The legal dispute over Russia’s largest ammonia plant

Daniel Mitov

By Daniel Mitov

Daniel P. Mitov is a Bulgarian politician and member of parliament representing the Varna district. He served as Minister of Foreign Affairs of Bulgaria from 2014 to 2017.

24 Jan 2024

Fifty years ago, the United States and the Soviet Union began to reduce tension after a quarter of a century of Cold War. Three crucial arms limitation treaties were signed in 1972, and negotiations began leading to the 1975 Helsinki Accords, which laid the groundwork for the unification of Europe at the end of the 1980s.

The era of détente also included economic co-operation between the two sides – not quite friends but not quite enemies either. One of the most significant of these initiatives was the joint venture between the Soviets and Armand Hammer’s Occidental Petroleum to build a nitrogen plant in the southern Russian city of Togliatti (named after the veteran Italian Communist leader, Palmiro Togliatti).

This plant developed into the largest ammonia facility ever built. To bring the ammonia to global markets, a pipeline almost 2,500 km in length was constructed to link ammonia manufactured in Togliatti by TogliattiAzot (“ToAZ”) with the Ukrainian port of Odessa. There are only three pipelines in the world that are longer than that, and none of them transports anything other than oil and gas.

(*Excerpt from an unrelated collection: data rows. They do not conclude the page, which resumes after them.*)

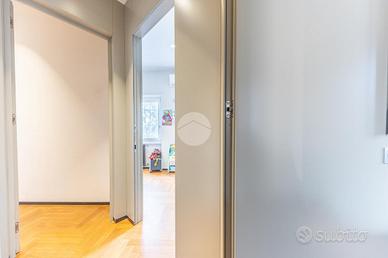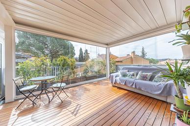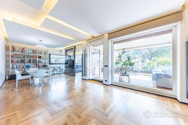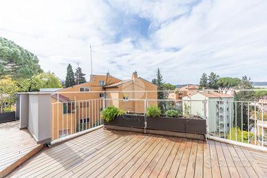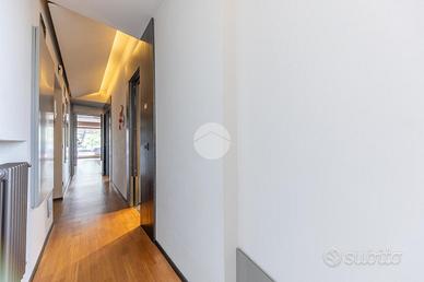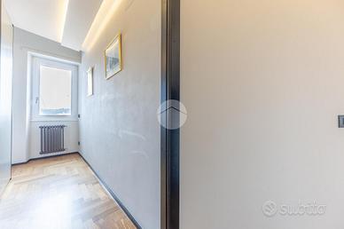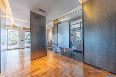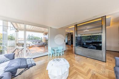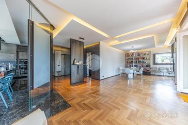 FLEMING - ATTICO RISTRUTTURATO CON MATERIALI DI PREGIO Nel cuore di una delle zone più esclusive della Capitale, il quartiere Fleming, siamo lieti di presentarvi una raffinato attico unico al piano, precisamente in Via Bartolomeo Gosio, all'inizio di Via Alessandro Fleming. La proprietà, unica nel suo genere, è stata completamente ristrutturata e si distingue per l'ampiezza degli spazi, la luminosità dovuta alla quadrupla esposizione e la perfetta distribuzione interna, offrendo un equilibrio ideale tra eleganza e funzionalità. Zona giorno, composta da un ampio ingresso che conduce al salone triplo, estremamente luminoso e perfetto per accogliere e vivere momenti di convivialità, con accesso diretto agli spazi esterni. La cucina è abitabile, comoda e ben organizzata per la vita quotidiana. La zona notte si compone di quattro camere da letto, tra cui una padronale con bagno en suite e cabina armadio, una camera, una cameretta anch'essa dotata di cabina armadio e una seconda camera padronale con bagno privato, separata dalle altre, ideale per essere adibita a zona ospiti o studio, oltre a una cameretta di servizio e quattro bagni complessivi, di cui due en suite. L'immobile è arricchito dalla presenza di due splendidi terrazzi, uno dotato di pergotenda, ideale per vivere appieno gli spazi esterni in ogni stagione, e l'altro completamente aperto, perfetto per momenti di relax all'aria aperta. È inoltre presente un balcone, una comoda zona lavanderia, numerose armadiature a muro lungo i corridoi e due soppalchi, pensati per garantire praticità e ordine. Completano la proprietà una cantina e un posto auto nella rimessa condominiale, tradizionalmente utilizzato e riconosciuto in via consuetudinaria dai condomini. Perché scegliere questo immobile: * Per l'esclusività dell'ultimo piano e gli ampi spazi interni. * Per la recente ristrutturazione e l'elevato livello di comfort abitativo. * Per la presenza di terrazzi vivibili e spazi esterni riservati.Per maggiori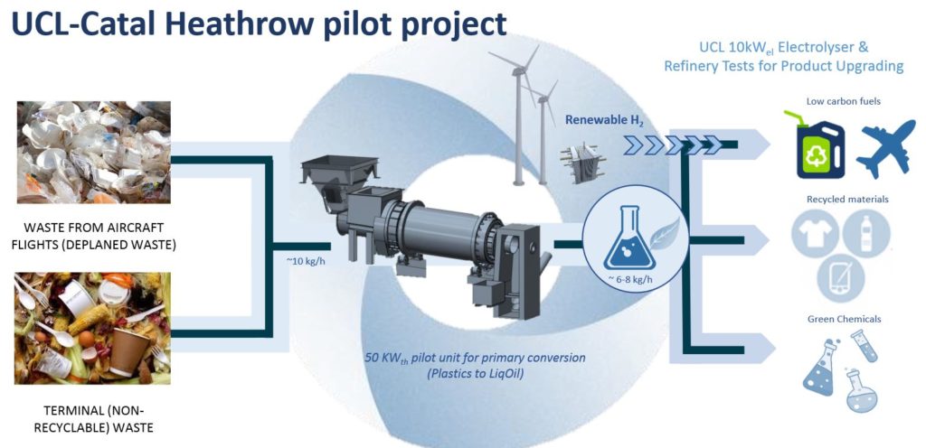 В настоящее время в Хитроу перерабатывается только около 50% отходов из аэропорта и салонов самолётов. Это сопоставимо со степенью вторичной переработки в большинстве местных органов власти, несмотря на строгие правила, действующие в отношении отходов из салонов лайнеров, совершающих международные рейсы, для защиты здоровья животных и растений, что означает, что часть отходов отправляется на сжигание или на свалку. Опытная установка, разработанная лауреатами премии Хитроу за инновации, базирующейся в Шеффилде компанией Catal и доктором UCL Массимилиано Матерацци (Massimiliano Materazzi), способна позволить отказаться от сжигания и захоронения до 5000 т отходов, превращая их в жидкую масляную фракцию для переработки каждый год.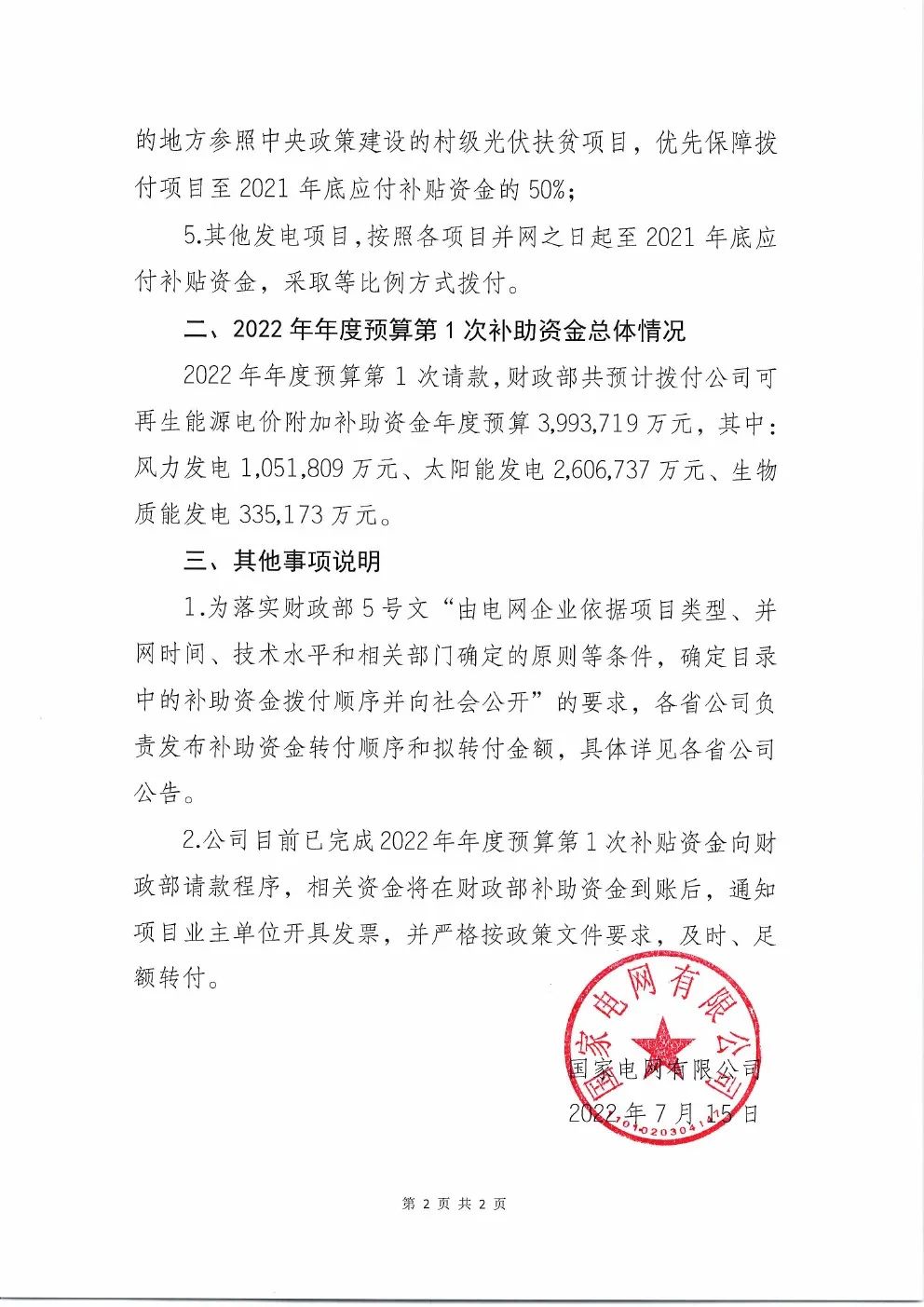 7月15日,國(guó)家電網(wǎng)公司發(fā)布《國(guó)家電網(wǎng)有限公司關(guān)于2022年年度預(yù)算第1次可再生能源電價(jià)附加補(bǔ)助資金撥付情況的公告》,發(fā)布2022年第一批補(bǔ)貼資金!文件指出:2022年年度預(yù)算第1次請(qǐng)款,財(cái)政部共預(yù)計(jì)撥付公司可再生能源電價(jià)附加補(bǔ)助資金年度預(yù)算3,993,719萬(wàn)元,其中:風(fēng)力發(fā)電1,051,809萬(wàn)元、太陽(yáng)能發(fā)電 2,606,737萬(wàn)元、生物質(zhì)能發(fā)電335,173萬(wàn)元。

The ToAz plant in short, is the mainstay of the economy of Togliatti and the surrounding region. But just as its construction was a product of better times, its more recent history reflects the tragic deterioration of Russia’s legal system and the subjection of the Russian economy and legal system to the political whims of the Kremlin and the oligarchs who are close to President Vladimir Putin.

Russia under Putin has seen a dramatic rise in the practice known as reiderstvo, the corporate raiding of a company’s assets, in part by means of exploiting the weaknesses of the Russian legal system. Tactics used in reiderstvo include the unlawful transfer of ownership, backed up by court judgements which have been obtained by illicit means and which often run directly contrary to Russian law. These are usually combined with direct legal threats, false allegations of criminality, and tax evasion, all of which are supported by corrupt courts, against the legitimate owners, who face prison or exile if they attempt to resist.

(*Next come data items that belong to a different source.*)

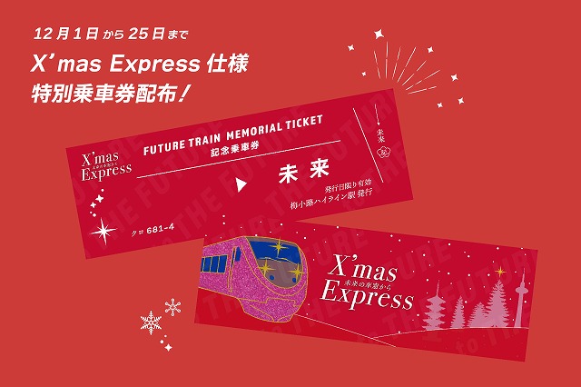 「FUTURE TRAIN」をご利用のお客様にお渡ししているピンクの乗車券が、この期間だけの特別X’mas Express仕様に!2025年クリスマス乗車の思い出にぜひお持ち帰りください。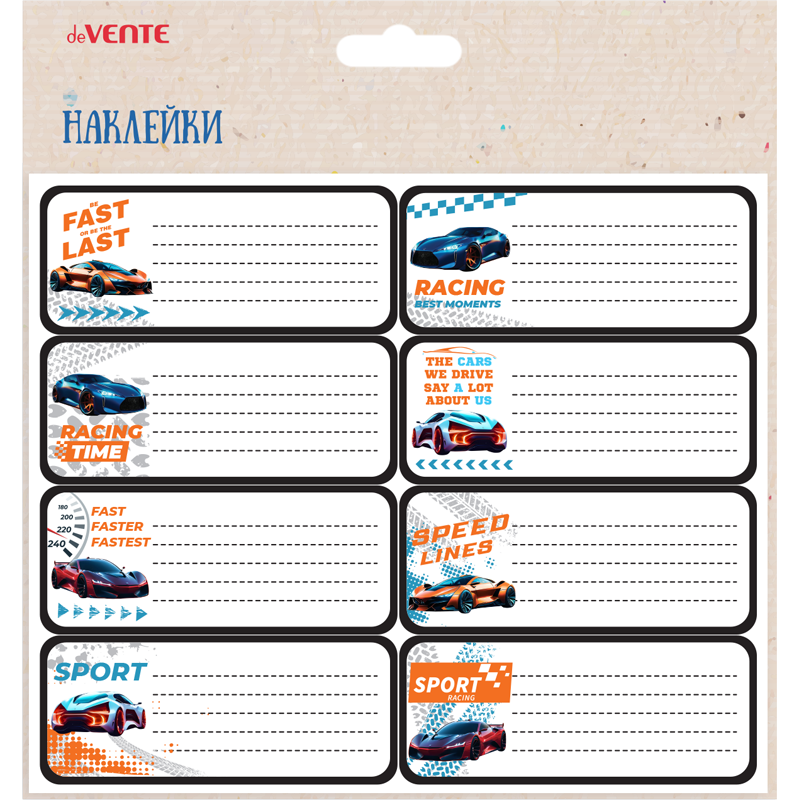 Набор наклеек для тетрадей "deVENTE. Fast Or Last" 40x96 мм, 8 шт, в пластиковом пакете с блистерным подвесом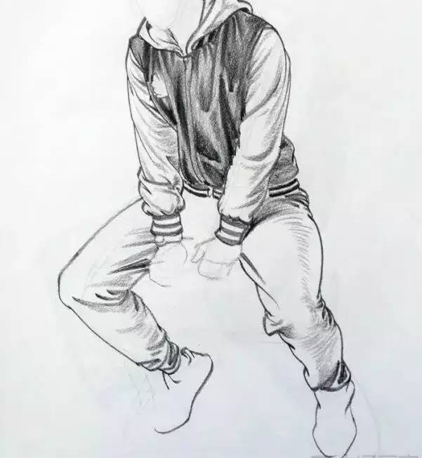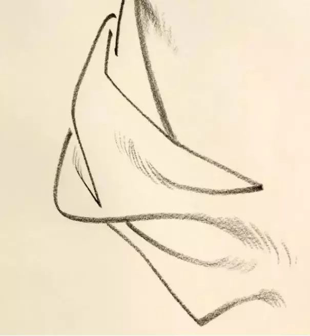 经过仔细观察可以看清每条线的开始和结束,也就能交代出线的来龙去脉了。注意线的虚实变化,有些布褶是从线过渡到面有的是从面过渡到线,有的开始处清晰明暗对比强烈缓慢的过渡直到消失成平面,这也就是“实起虚收”。有的是从平面慢慢开始隆起直到形成清晰的布折也就是“虚起实收”。

Companies of all sizes may be victims of reiderstvo; the common thread is that the practice is shielded and permitted by the Kremlin. Notorious cases include the mobile phone manufacturer Yevroset, whose owners were the targets of an Interpol red notice issued by Russia; the oil company Yukos, whose shareholders eventually won the largest ever commercial arbitration award against the Russian government; and Hermitage Capital Management, owned by the entrepreneur Bill Browder, whose lawyer Sergei Magnitsky died in prison after months of mistreatment and who himself has been subject to bogus Russian court judgements.

In the case of ToAz, the spectre of reiderstvo first reared its head in 2005 when a minority stake in the company was acquired by oil and minerals magnate Viktor Vekselberg. He instigated charges of tax evasion, fraud and money laundering against senior ToAz executives, who were compelled to flee the country. In those days under the former President Dmitry Medvedev, the Russian courts retained some degree of independence and they did not sustain Vekselberg’s allegations; he switched his attention to other projects, and sold his ToAz shares to Belarusian born Russian businessman Dmitry Mazepin.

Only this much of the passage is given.